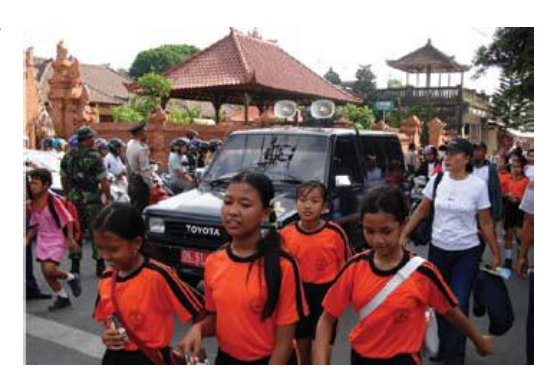
Bali school children follow a designated tsunami evacuation route as part of an Indonesian Tsunami Drill, December 2006

Some 1000 – 2000 school children and teachers were observed participating in the drill. The drill was conducted based on the recommendation of IOC Indonesia Tsunami Roundtable in May 2006. Since then, similar drills have occurred annually on
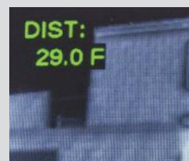
Laser range finder

WHAT YOU WILL DO - Looking at the material above, state the number of lines holding the word "Tsunami", and only that number.

RESPONSE - 2